News of her husband’s humiliation reached Cecily. On 10 March, York was forced to swear a public oath at St Paul’s Cathedral that he would not take up arms again. His bitter response, submitted to the House of Lords and preserved in the Cottonian Collection, made clear his reasons for resenting Somerset’s influence, particularly the losses he had incurred in France. After this, around 24 March,
York retreated to Ludlow. If his young son Edward had been marching south at the head of an army, York may well have intercepted them and brought them back home. Cecily would have been relieved to see them return.

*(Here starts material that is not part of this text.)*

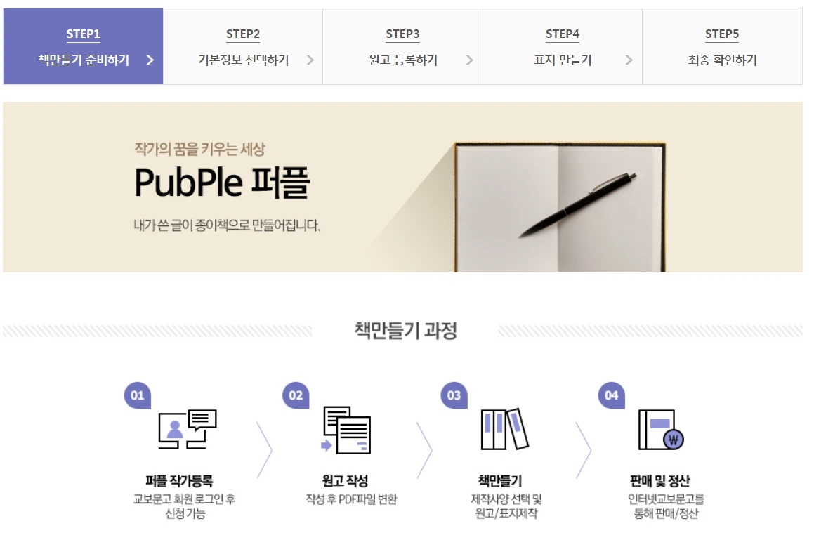 여러가지 고민을 하는 사이 시간이 흘렀고 책을 내고 싶어하는 맘을 아는 친구 중 하나가 교보문고에서 하는 Puple 서비스를 알려주었다.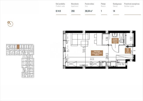 Mieszkanie 280 znajduje się na 14 piętrze, ma ponad 25m2 i składa się z salonu z aneksem kuchennym, łazienki i przedpokoju. Mieszkanie posiada klimatyzację.

Further trouble rumbled on through the summer, with small uprisings in York’s name in Kent and Suffolk, and in May Oldhall was brought before the King’s Bench and indicted. York was in Ludlow that June, and Tickenhill, Bewdley, that July. In mid-August, Henry VI visited Ludlow as part of a progress to the west35 and would, no doubt, have been received and probably lodged in the castle. However, it seems that the duke was doing his best to avoid Henry, travelling to Fotheringhay and arriving there on 11 August.
At this stage, Cecily had less than six weeks to go before her next child was due. Presumably she gave the orders for the Ludlow household to be packed up and allowed others to carry them out; one source has the duke leaving Fotheringhay but returning by Michaelmas, 29 September.36 By 2 October, Cecily was definitely in Yorkshire, where she gave birth to a son. Later writers would describe this birth with much invented detail but there is no indication that it was anything other than a straightforward delivery. If Cecily was able to travel over 100 miles in the preceding weeks, the delivery is unlikely to have been the nightmare that chroniclers like John Rous and Thomas More would make it out to be. The Yorks named their new son Richard.
That December, Sir John Fastolf was a visitor at Fotheringhay. By this point the old soldier was over seventy, with a long and varied career in France as well as being a significant patron of the arts. Given his history serving under York in Normandy, he may well have been received as a welcome guest, but there was also financial business to transact. On 15 December 1451, the pair drew up an indenture, by which York handed over some of his personal jewels into Fastolf’s keeping as guarantee for a short-term loan of money. The items give an idea of the treasure in the family’s possession, much of it bearing their personal iconography: a ‘nowche of gold with a greet pointed diamond sette up on a roose enamelled white; a nowche of gold in facion of a ragged staf with 2 ymages of man and woman garnysshed with a ruby, a diamond and a greete peerle; and a floure of gold, garnysshed with 2 rubies, a diamond and 3 hanging pearls’. These covered a debt amounting to £437, which York was bound to repay by the Nativity of St John the Baptist, 24 June, upon which he would receive his jewels back.37 The timing of this may indicate York had bills he anticipated paying as a result of the Christmas season, possibly following the usual tradition of demonstrating his loyalty to the king and queen with expensive gifts.